Proof. By what we did before in Lemma 4.4 and Lemma 4.5, ${\mathbf O}^{p'}(G) = {\mathbf O}_p(G) \times Y$ , $Y/N$ is a direct product of non-abelian finite simple groups of order divisible by p without $\Omega $ -invariant characters of degree divisible by p, where $N = {\mathbf O}_{p'}({\mathbf O}^{p'}(G))$ , and ${\mathbf O}^{p'}(G) = XY$ , where $X = {\mathbf O}_p(G)N$ . Also, $Y/N = {\mathbf O}^p({\mathbf O}^{p'}(G)/N)$ , meaning $Y/N$ is normal in $G/N$ ; hence, Y is normal in G.

All that is left is to show that ${\mathbf O}_{p'}(Y)$ is solvable. In view of that, we may assume $p \neq 2$ by the Feit–Thompson theorem. If ${\mathbf O}^{p'}(G) \neq G$ , then, by Lemma 2.8, we get the desired result by induction.

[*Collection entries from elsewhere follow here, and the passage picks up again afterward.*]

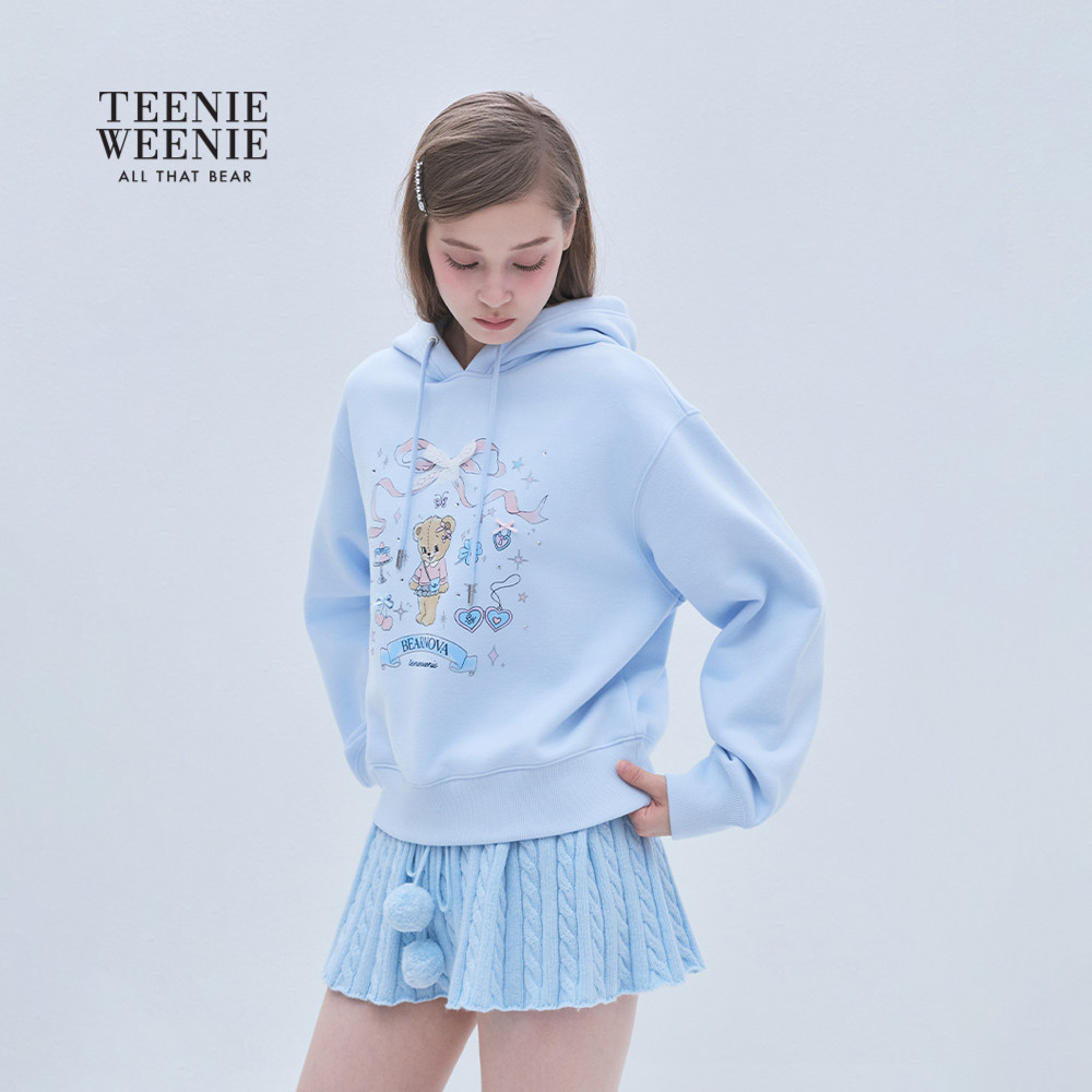 TEENIEWEENIE bearnova25冬新款女装甜美俏皮蝴蝶结印花连帽卫衣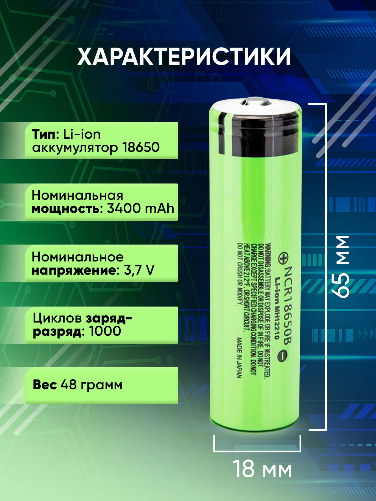 • Типоразмер 18650 - означает 18мм диаметр, 65мм высота батареи, а 0 указывает на круглую форму аккумулятора.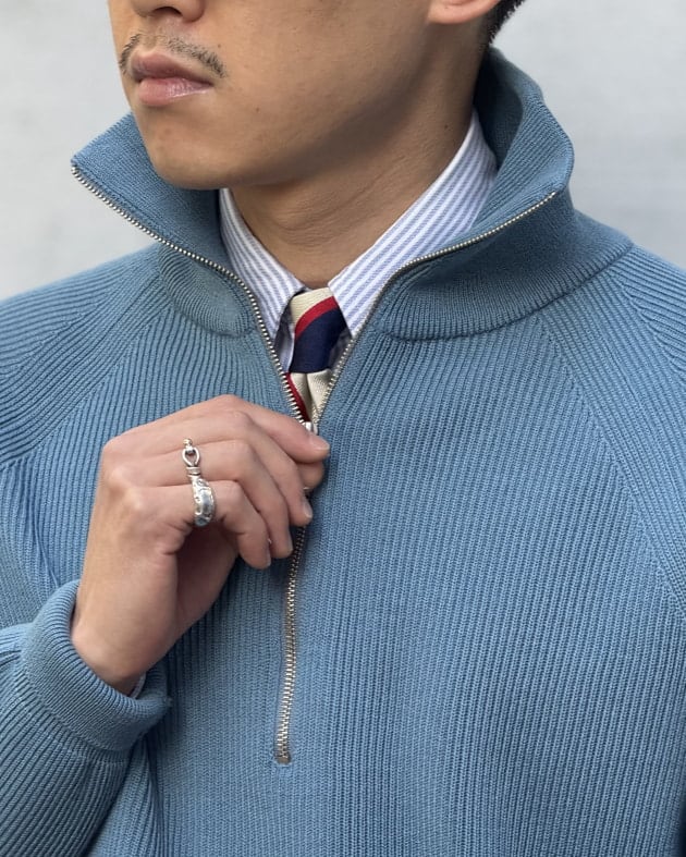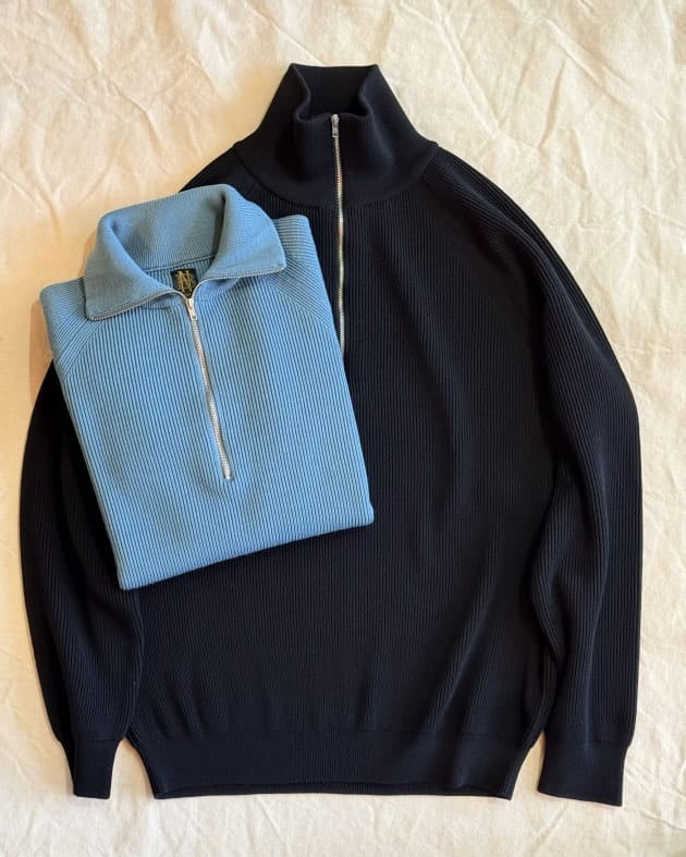 3年間から定番の<BATONER>別注のハーフジップニットです。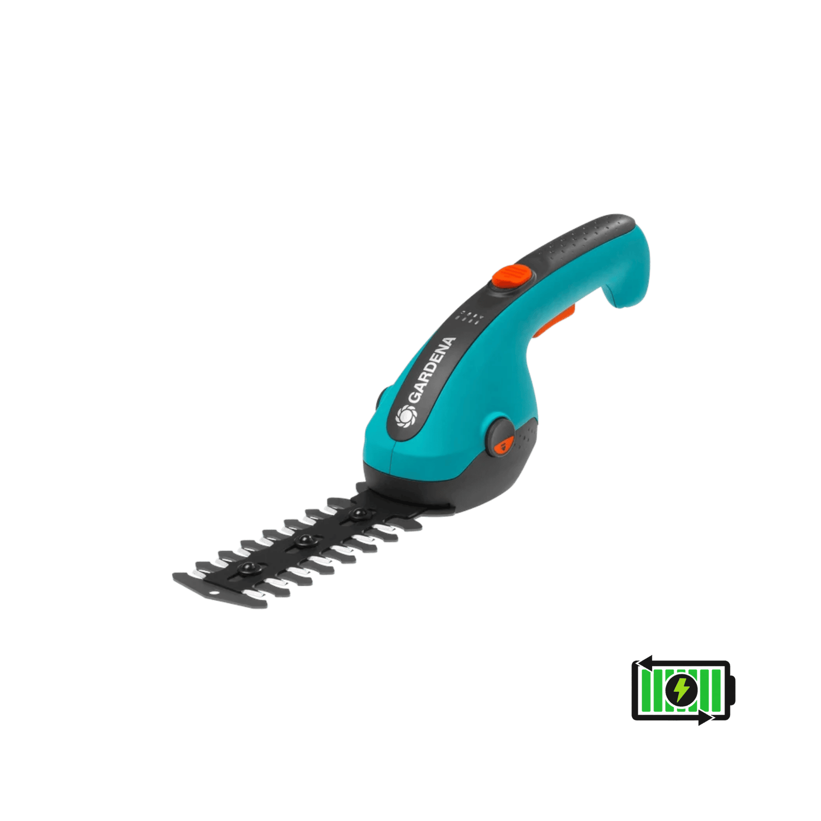 GARDENA Battery Grass and Shrub Shears ClassicCut Li საშუალებას გაძლევთ ზუსტად გაჭრათ ბალახის კიდეები და მოაწყოთ ბუჩქები და პატარა ღობეები იდეალურად. კომპლექტში შედის 8 სმ-იანი ბალახის დანა და 12 სმ-იანი ბუჩქის დანა.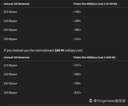 So for comparison, even the upper bound of the direct military cost is small relative to projected oil revenue. If you use $150 million as the “high cost”: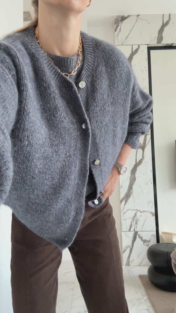 Den her cardigan kombinerer blød komfort med et feminint og elegant look. Den er strikket i en lækker kvalitet med 30 % babyalpaka, som gør den både varm og superblød - helt perfekt til kølige dage.
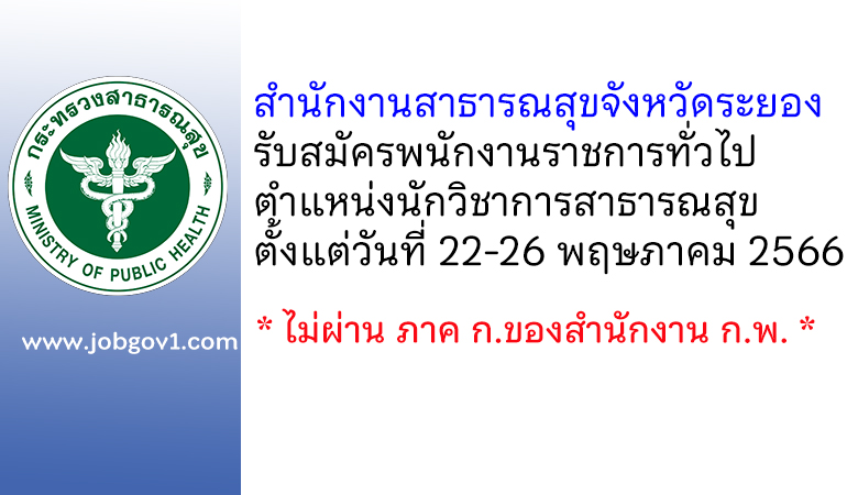 สำนักงานสาธารณสุขจังหวัดระยอง รับสมัครพนักงานราชการทั่วไป ตำแหน่งนักวิชาการสาธารณสุข ตั้งแต่วันที่ 22-26 พฤษภาคม 2566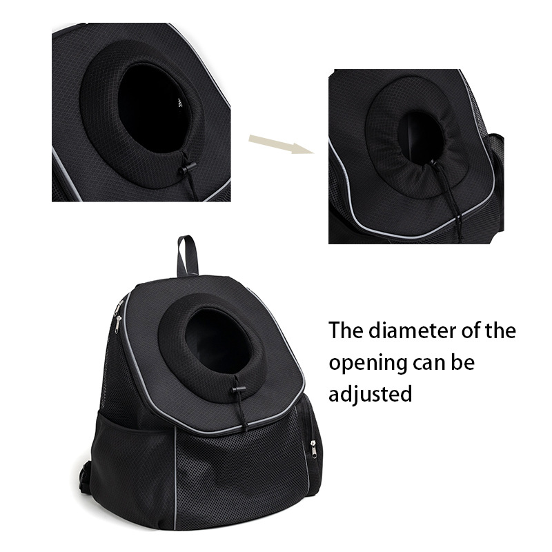 This ventilated adjustable pet backpack is designed for small to medium dogs and large cats, providing a comfortable and secure way to carry your pet during travel. It features a breathable mesh front panel for optimal airflow, an adjustable opening for pets to look out, and additional pockets for storing pet essentials. The durable design ensures reliability and convenience for pet owners on the go.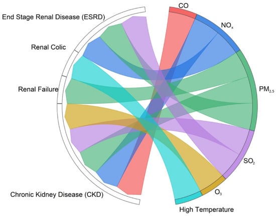 Depicts positive associations between renal and urogenital health issues and environmental factors (PM2.5: particulate matter smaller than 2.5 µg/m3, SO2: sulfur dioxide, NOx: nitrogen oxides, O3: ozone, CO: carbon monoxide).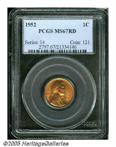 1952 1C MS67 Red PCGS. Bright, even color, the su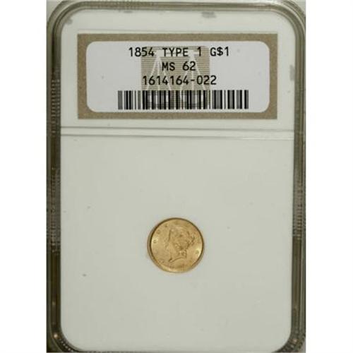<B>1854 G$1 Type One MS62 NGC.</B></I> NGC Census: (988/749). PCGS Population (423/477). Mintage: 855,502. Numismedia Wsl. Price for NGC/PCGS coin in MS62: $340. (#7525)<BR><BR><B>Coin Engraver:</B> James B. Longacre<BR><BR><b>Shipping:</b> Coins & Currency (<a target="_blank" href="http://www.heritageauctions.com/common/shipping.php">view shipping information</a>)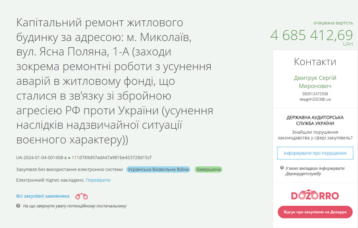 В одному з районів Миколаєва планують відремонтувати житловий будинок, пошкоджений внаслідок обстрілів рф. Підрядника обрали без аукціону, а на роботи готові витратити майже п’ять мільйонів гривень.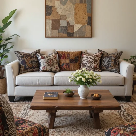 Mud cloth pillows introduce traditional patterns with symbolic meaning. They add contrast and cultural richness to neutral sofas and chairs. Afrobohemian Living Room
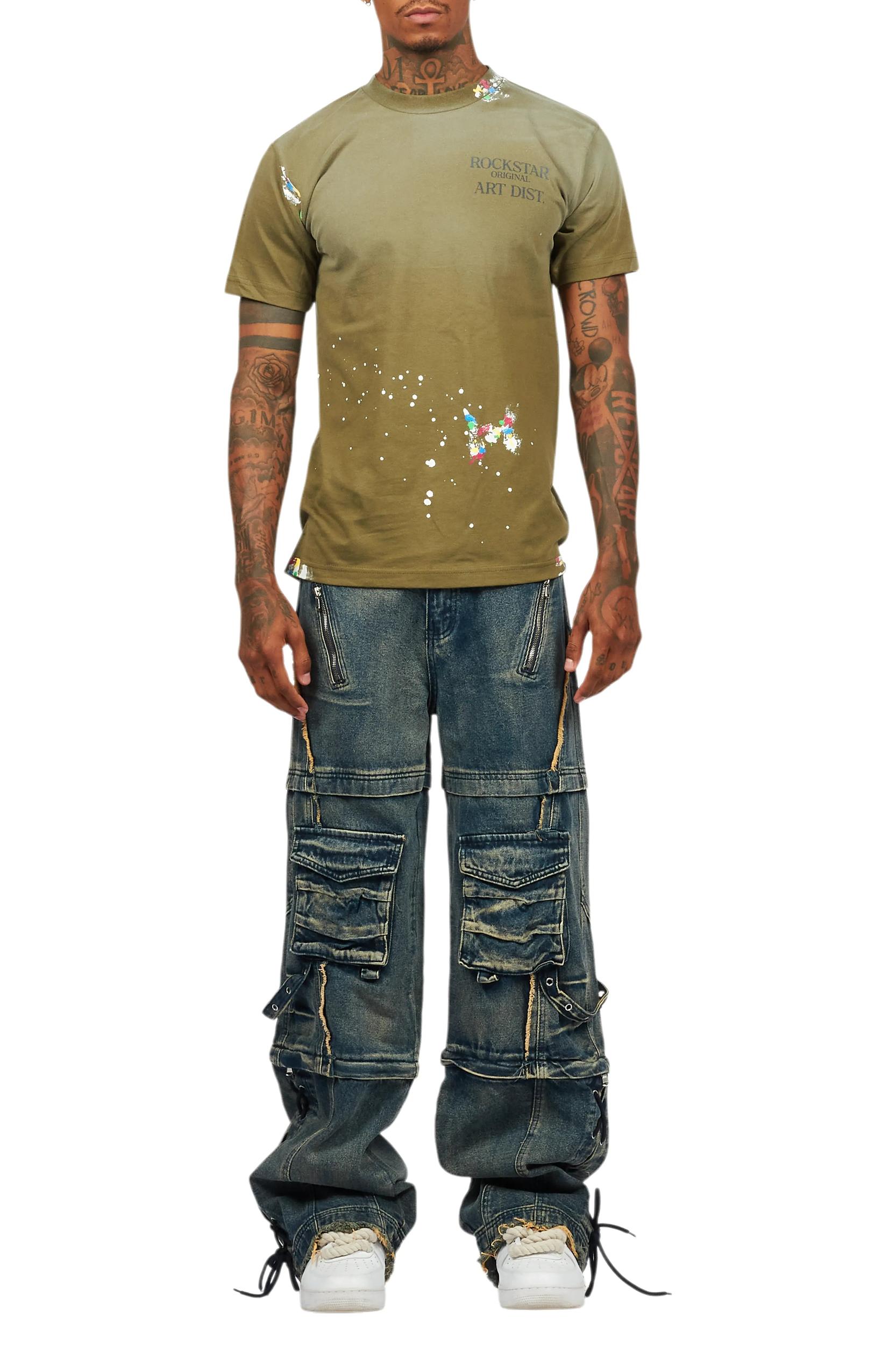 An urban baggy cargo jean for men in blue. Designed with organic cotton and an oversized-fit for an essential streetwear style. Zip fly with button closure 9-pocket build Utility pockets Distressed detailing Tie up seams Parachute pant baggy construction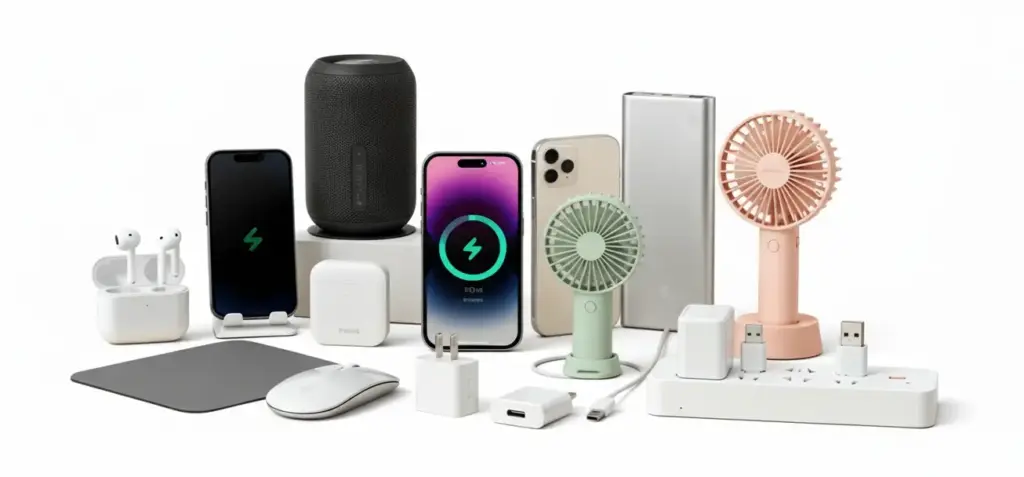 Regalos publicitarios de tecnología: auriculares, altavoces bluetooth, soportes de móvil, cargadores USB, ventiladores portátiles, etc.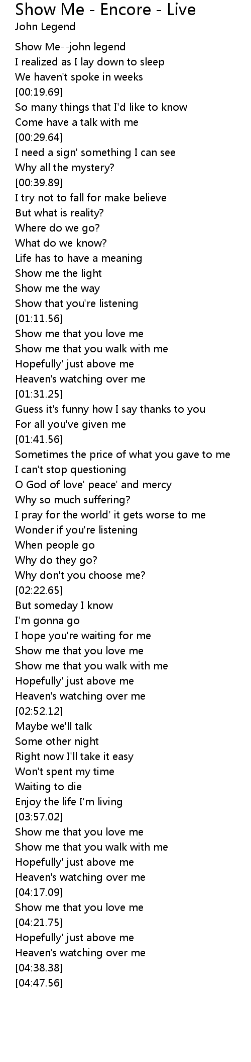 Show Me--john legend |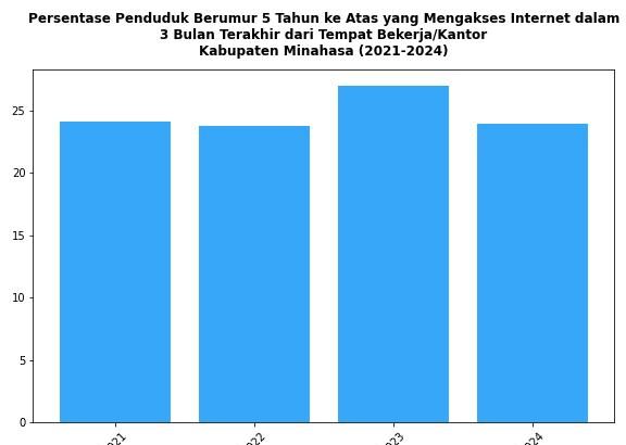 Perkembangan Persentase Penduduk Berumur 5 Tahun ke Atas yang Mengakses Internet dalam 3 Bulan Terakhir dari Tempat Bekerja/Kantor Kabupaten Minahasa Tahun 2021-2024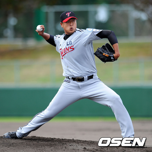 LG 트윈스 투수 정재복(31)이 11일 차탄구장에서 열린 주니치 드래건스와의 연습 경기에서 인상적인 투구를 선보이며 올 시즌 부활을 예고했다.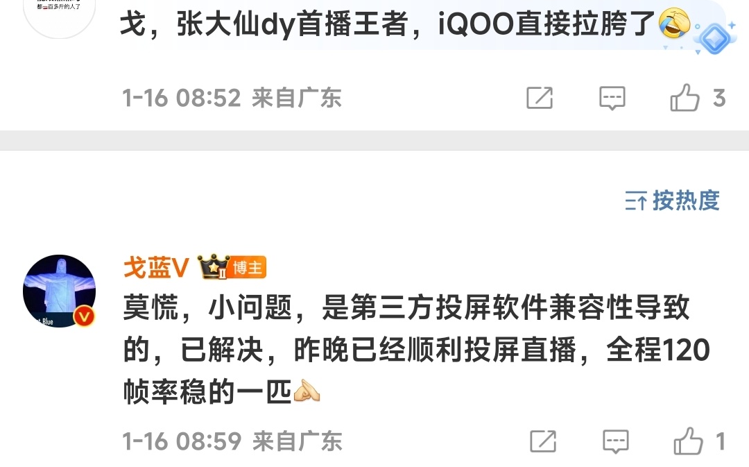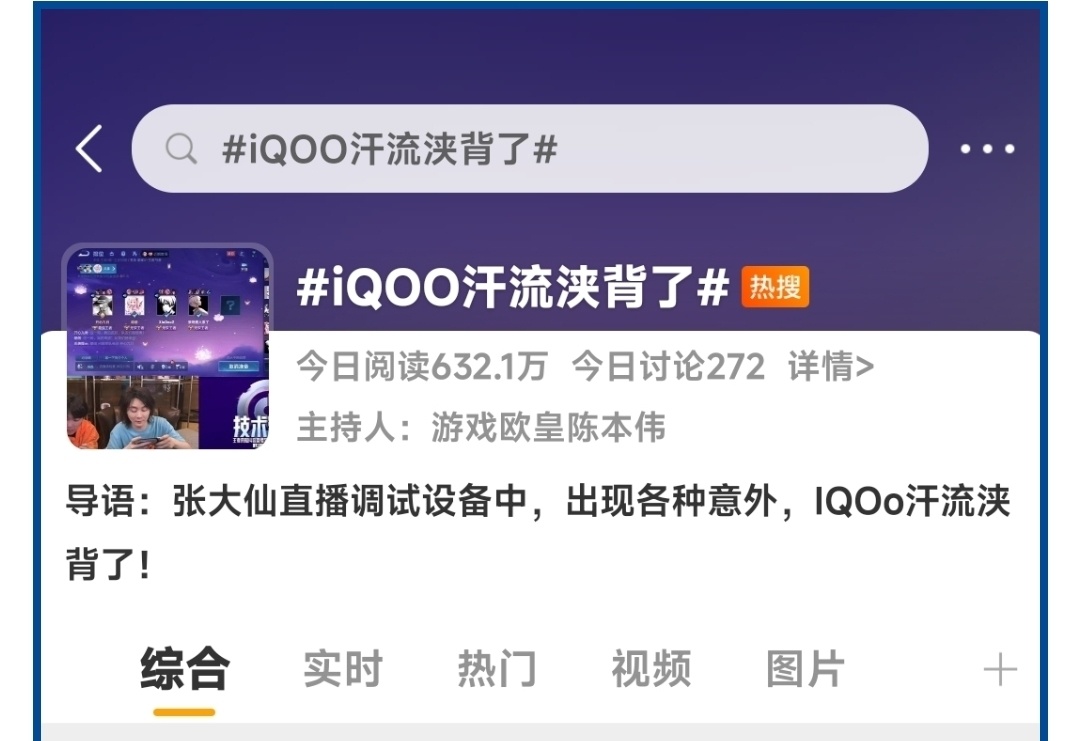 而在用IQOO12進行遊戲投屏直播的時候,張大仙頻繁的出現了熱和燙的問題。有人可能覺得不就是發熱這種小事嗎?可是誰能想到竟然一度登上了熱搜#IQOO汗流浹背了#而且熱搜久居不下。

Hence, we may assume $G = {\mathbf O}^{p'}(G)$ . Along the same lines, as $G/{\mathbf O}_p(G) \cong Y$ , if Y had an $\Omega $ -invariant character of degree divisible by p, so would G. Thus, Y also satisfies our hypothesis.

Notice that ${\mathbf O}^{p'}(Y) = Y$ , since $Y \cong G/{\mathbf O}_p(G)$ and ${\mathbf O}^{p'}(G) = G$ . Consequently, if $Y \neq G$ , by induction, we get that ${\mathbf O}_{p'}(Y)$ is solvable, which is our desired result. So we may assume $Y = G$ . In this situation, ${\mathbf O}_p(G) = 1$ , $N = {\mathbf O}_{p'}(G)$ and $G/N$ is a direct product of non-abelian simple groups of order divisible by p whose $\Omega $ -invariant characters are of $p'$ -degree. Let $R = \mathbf {R}(N)$ be the solvable radical of N and suppose $R \neq 1$ . Then, by induction on $G/R$ , we get that ${\mathbf O}_{p'}(G/R) = N/R$ is solvable, meaning so, too, is N. Thus, we may assume $R = 1$ .

Let M be a minimal normal subgroup of G contained in N. By the previous paragraph, $M = S_1 \times \cdots \times S_k$ , a product of non-abelian simple groups transitively permuted by G-conjugation and of order not divisible by p. If $k> 1$ , then the result follows by Lemma 2.10. Thus, we may assume $k = 1$ . Then, $M = S$ is a non-abelian simple group and $G/\mathbf C_G(S)$ is an almost simple group with socle isomorphic to S. By the Schreier Conjecture, $G/S\mathbf C_G(S)$ is solvable. In particular, due to the structure of G, $|G:S\mathbf C_G(S)|_p = 1$ . Consequently, $G = S\mathbf C_G(S)$ as ${\mathbf O}^{p'}(G) = G$ . But this is impossible, as $p \nmid |S|$ and S is a quotient of G.